Quick sidebar: "tsar" is just the Russian word for king, brought to us all the way from Latin's Caesar. (That makes more sense if we spell it the old-fashioned way: "czar.") A monarchy is a system of government where the king/tsar/emperor is in charge, and where that power is passed down a family line. And an absolute monarchy? That's when the king has all the power (he's autocratic). In other words, no parliament, no vice-king, no voting, no Supreme Court, nothing but that one dude on a throne calling all the shots.
Back to the brewing revolution. Freaking out that the power party was about to end, Nicholas II passed the Constitution of 1906, which established a parliament and said, okay, fine, you can all vote.
Of course, this still didn't do much for the people at the bottom of the Russian totem pole. At that bottom was the Jewish population of Russia. Oppressed by laws about where they could and couldn't live, professions they could and couldn't practice, and generally victimized through both official gub'mint ordered persecution as well as the ordinary off-the-books kind: good times all around.

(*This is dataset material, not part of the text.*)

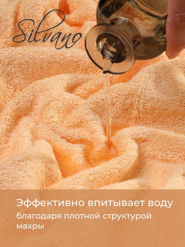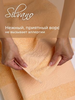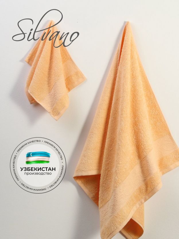 Полотенца произведены в Узбекистане под брендом Silvano, модель «Аврора», цвет — персик.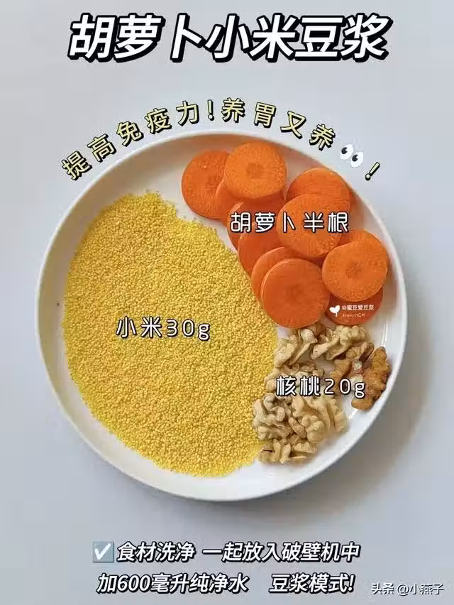 食材:胡蘿蔔半根+小米30g+核桃20g。

Jews mostly lived in villages and town called shtetls, which had large Jewish populations. When the 1906 Constitution passed, a crazy wave of anti-Jewish violence followed. In a bunch of pogroms on Jewish communities, Russians killed Jews, burned down businesses and houses, and rained terror on that minority population.
Of course, the government was totally mad and stepped in right away to point out that it was totally uncivilized to do that sort of thing. Not! It was basically just happy that people weren't attacking something else. In fact, officials even encouraged anti-Semitic violence, because it kept the proles busy doing something other than plotting revolution.

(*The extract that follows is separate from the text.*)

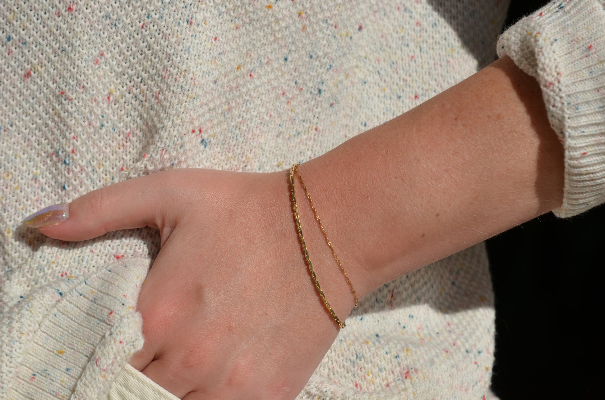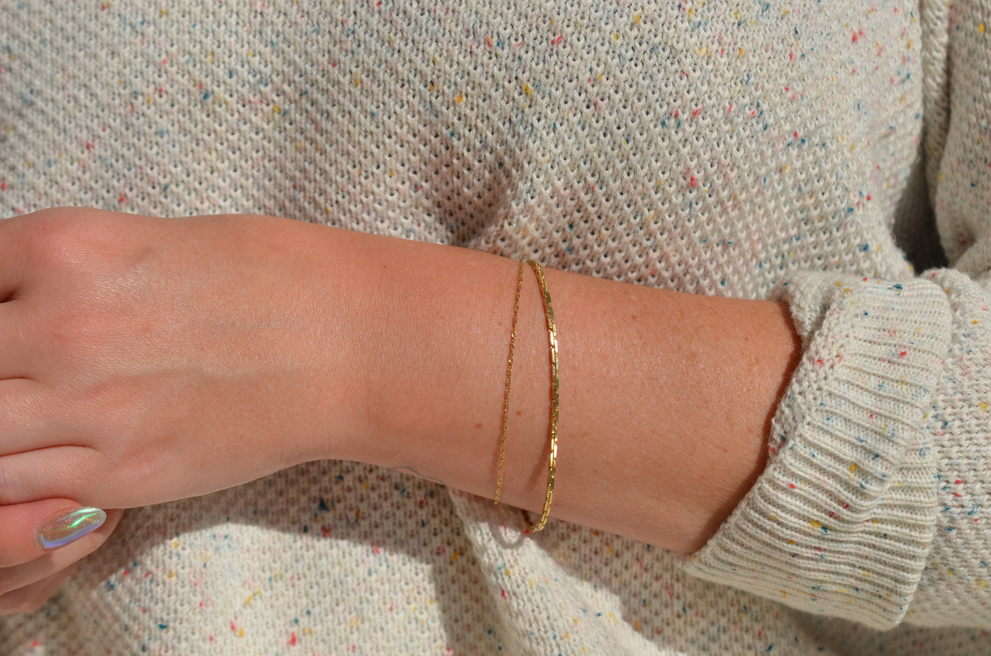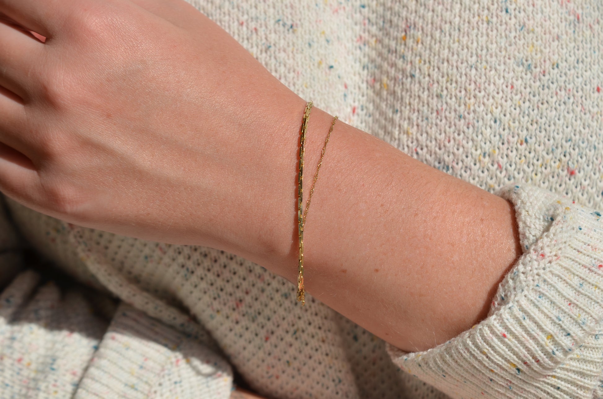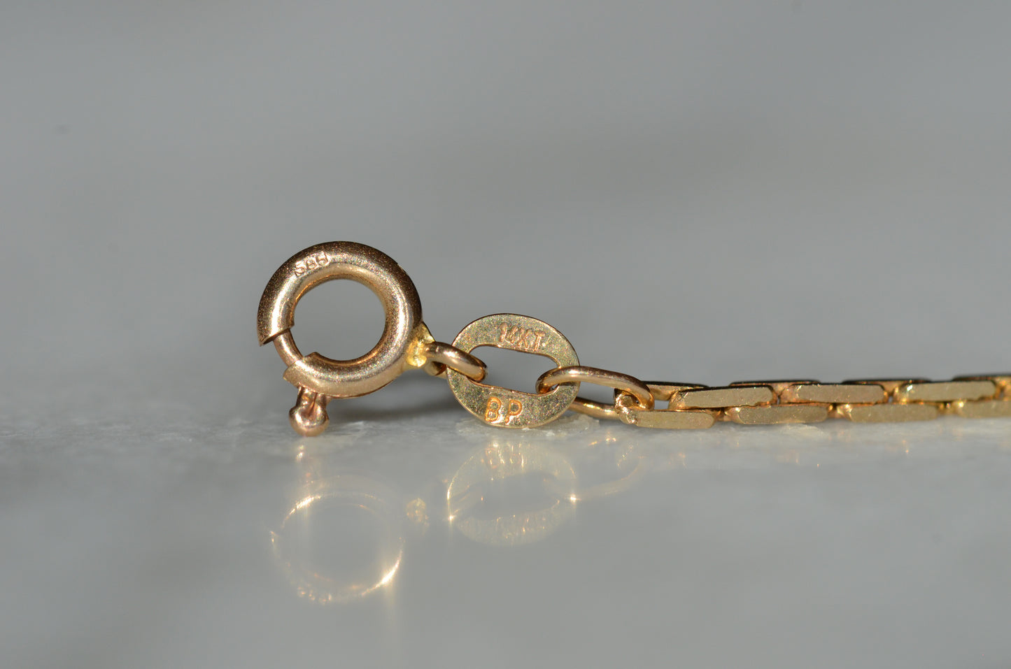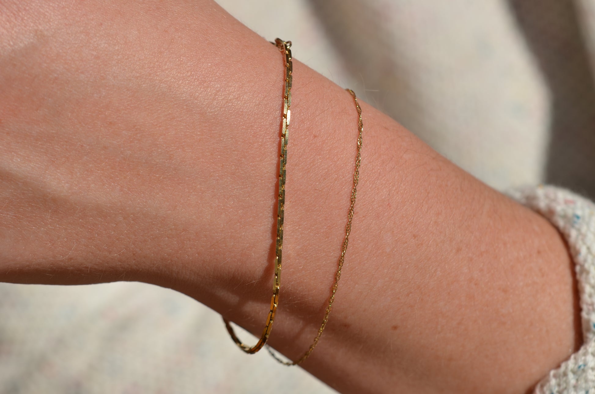 Slim and elegant, this deadstock (term for pieces that are not newly made but were never owned by a customer) bracelet looks like a narrow brick road of gold with alternating rectangular links of gold. Easily added to your everyday rotation, you'll love how this piece catches the light.

Boiberik & Yehupetz vs. Tevye's Village
Tevye makes a really big deal about being the best dairyman in Boiberik and Yehupetz. Check it out:
I sold out my merchandise completely, nothing at all was left even if my life depended on it. I was so busy, I had no time to chat with my summer customers, the Boiberik dacha owners, who wait for me as if I were the Messiah because the Yehupetz merchants' produce can't hold a candle to Tevye's. I needn't tell you, as the prophet said: Let other men praise thee—good products praise themselves. (3.4)
This whole deliveryman-to-the-stars act that he has makes it seem like these important people value him so much that they end up waiting for him, not vice versa. That level of excitement really sells us on the idea that where he lives is one thing, but where he sells his goods is totally different. You don't see Tevye bragging about how important he is in his village, after all. Who cares if everyone knows who you are in Buford, Wyoming?
The little village where Tevye and his family is so crazy small it doesn't ever even get a name. Yeah, yeah, we know, Fiddler on the Roof calls the place Anatevka—but if you read the text closely, you'll see that Anatevka is actually another little shtetl right nearby. Tevye's village is just home, so why would it need any other name?
On the other hand, there's Yehupetz, the nearby town where there is a university of some sort (since Perchik studies something there), a stock exchange office (since Menachem-Mendl and his fellow traders operate there), and a large population of wealthy Jews whom Tevye gets to know. We don't get too many physical descriptions of what the place looks like, but we certainly get a feeling that it's a bustling and busy kind of place.
And finally, there's Boiberik, the resort community where all the Yehupetz rich people have their dachas. (Don't freak out—dacha is just a Russian word for a summerhouse.) Basically, this is where Yehupetz big-wigs come on the weekends to unwind. You know, like Wall-Street hotshots heading to their mountain cabins to commune with nature, that sort of thing.
Here, the feeling is calmer and more chill. Although again, we don't really get any physical descriptions of the place itself, it seems to be the site of family get-togethers and celebrations more than business, like the big family vacation Tevye encounters when he delivers the two lost women in the second story.